However, this is typically tens or hundreds of times slower than computing with regular floating point numbers

(Note: {In real-time applications such as audio processing this phenomenon is especially noticeable; see

http://phonophunk.com/articles/pentium4-denormalization.php?pg=3  .}  )

. At the time of this writing, only the IBM Power6 (and up) has hardware support for gradual underflow. Section  3.8.1 explores performance implications.

#### 3.3.4.4 What happens with over/underflow?

The occurrence of overflow or underflow means that your computation will be wrong' from that point on. Underflow will make the computation proceed with a zero where there should have been a nonzero; overflow is represented as Inf  , short for infinite'.

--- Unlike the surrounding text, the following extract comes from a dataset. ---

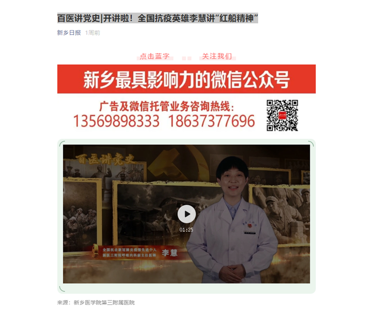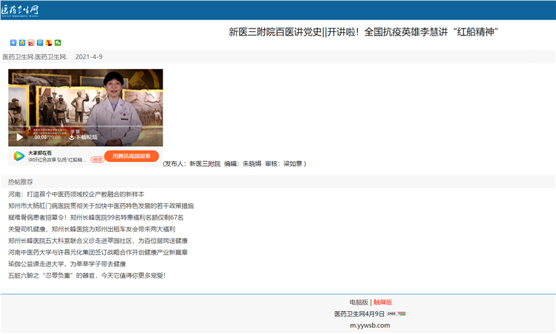 日前,新医三附院开展“百医讲党史”系列活动,人民网、医药卫生报、新乡日报等媒体对新医三附院“百医讲党史”第一期,全国抗疫英雄李慧讲“红船精神”视频进行转发和报道。

Exercise For real numbers $x,y$, the quantity $g=\sqrt{(x^2+y^2)/2}$ satisfies

$$g\leq \max\{|x|,|y|\}$$

so it is representable if $x$ and $y$ are. What can go wrong if you compute $g$ using the above formula? Can you think of a better way?
End of exercise

Computing with Inf is possible to an extent: adding two of those quantities will again give Inf  . However, subtracting them gives NaN : not a number'. (See section  3.4.1.1  .)

In none of these cases will the computation end: the processor will continue, unless you tell it otherwise. The otherwise' consists of you telling the compiler to generate an interrupt  , which halts the computation with an error message. See section  3.7.2.4  .

Another implication of the normalization scheme is that we have to amend the definition of underflow (see section  3.3.4 above): any number less than $1\cdot\beta^L$ now causes underflow.

### 3.3.5 Representation error

crumb trail: > arithmetic > Real numbers > Representation error

Let us consider a real number that is not representable in a computer's number system.

An unrepresentable number is approximated either by ordinary rounding  , rounding up or down, or truncation  . This means that a machine number $\tilde x$ is the representation for all $x$ in an interval around it. With $t$ digits in the mantissa, this is the interval of numbers that differ from $\bar x$ in the $t+1$st digit. For the mantissa part we get:

$$\begin{cases} x\in \left[\tilde x,\tilde x+\beta^{-t+1}\right)&\hbox{truncation}\\ x\in \left[\tilde x-\frac12 \beta^{-t+1},\tilde x+\frac12 \beta^{-t+1}\right) &\hbox{rounding} \end{cases}$$

If $x$ is a number and $\tilde x$ its representation in the computer, we call $x-\tilde x$ the representation error or absolute representation error  , and $\frac{x-\tilde x}{x}$ the relative representation error  . Often we are not interested in the sign of the error, so we may apply the terms error and relative error to $|x-\tilde x|$ and $|\frac{x-\tilde x}{x}|$ respectively.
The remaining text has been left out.